What this task involves »
Could the listing below be returned exactly, with its pictures left out?

Stored data »
──────────────────────────────

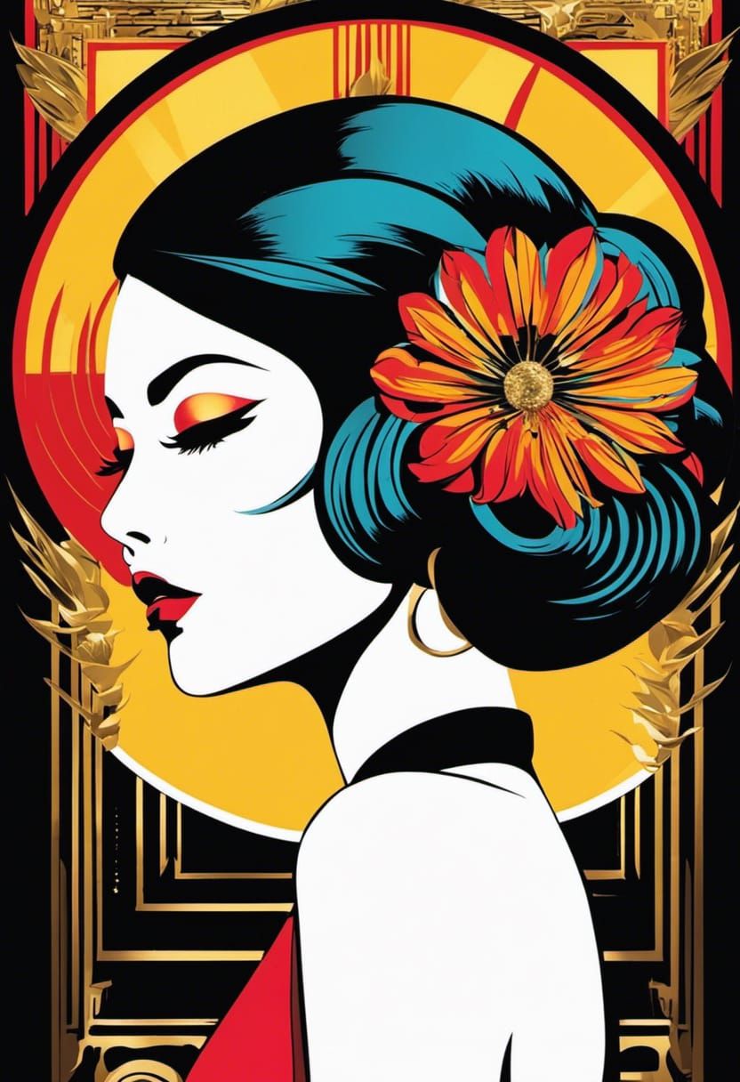 A striking black and white portrait of a woman in the style of Art Deco meets Japanese anime. This image features graphic novel noir art elements with floral accents, presented as digital pop art.
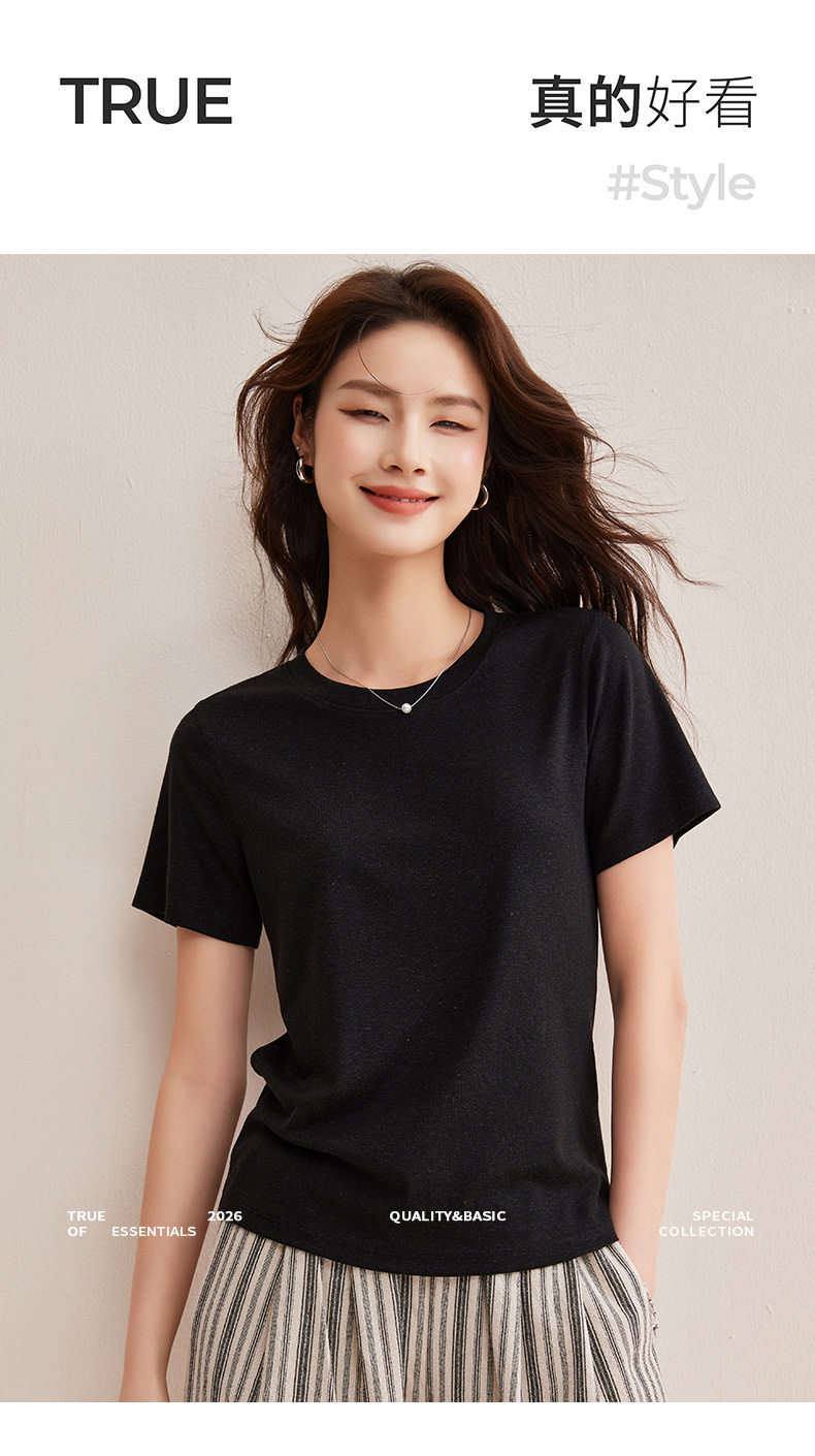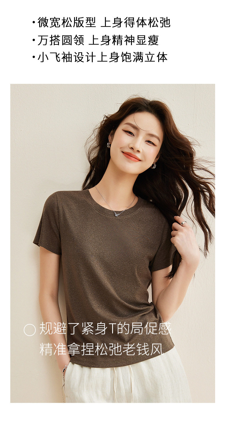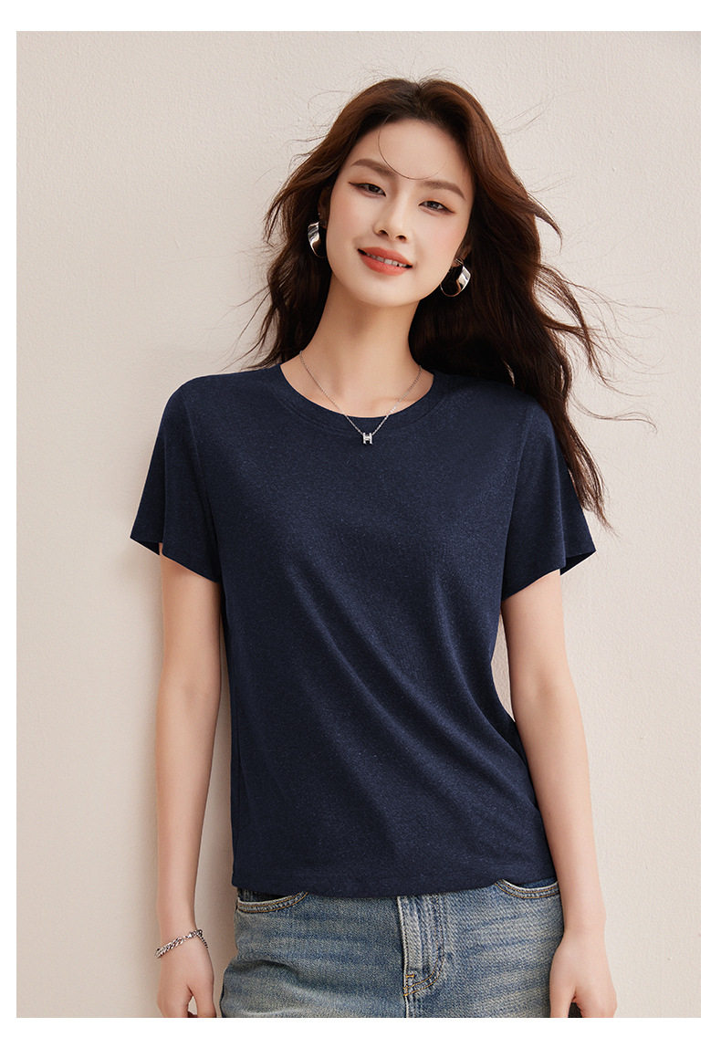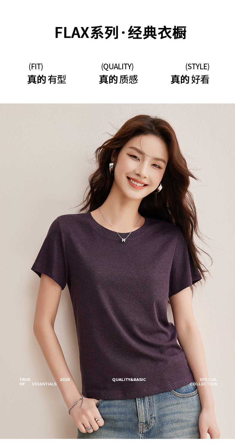 「自」全新升级【铂金会员109/天猫139/差价30】(03944)洛诗琳莱赛尔天丝亚麻T恤2026春夏新款圆领正肩短袖上衣
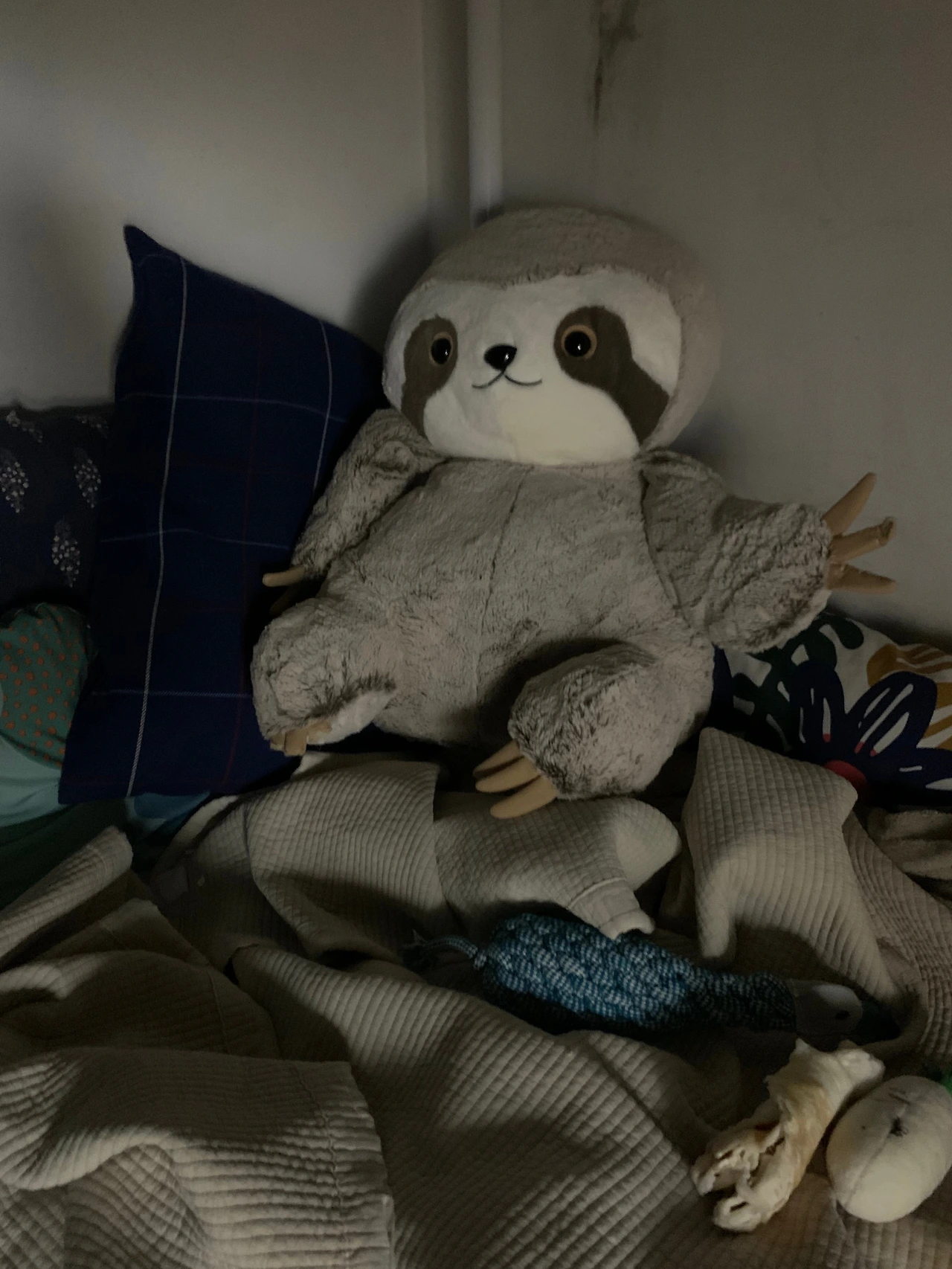산책이 주 업무인 복주는 회복기간 동안 밖에 나가 제대로 놀지 못했고, 그 스트레스를 제 애착 인형인 나무늘보에게 풀었더라고요, 어느 날 새벽 제가 잠든 사이 나무늘보는 복주에게 베란다로 끌려가 손발을 다 뜯기는 고초를 겪어야 했습니다. 요즘은 눈알 적출 시도하네요 ㅠ (이서님 예상 적중)

──────────────────────────────

Answer to this task »
 A striking black and white portrait of a woman in the style of Art Deco meets Japanese anime. This image features graphic novel noir art elements with floral accents, presented as digital pop art.
 「自」全新升级【铂金会员109/天猫139/差价30】(03944)洛诗琳莱赛尔天丝亚麻T恤2026春夏新款圆领正肩短袖上衣
산책이 주 업무인 복주는 회복기간 동안 밖에 나가 제대로 놀지 못했고, 그 스트레스를 제 애착 인형인 나무늘보에게 풀었더라고요, 어느 날 새벽 제가 잠든 사이 나무늘보는 복주에게 베란다로 끌려가 손발을 다 뜯기는 고초를 겪어야 했습니다. 요즘은 눈알 적출 시도하네요 ㅠ (이서님 예상 적중)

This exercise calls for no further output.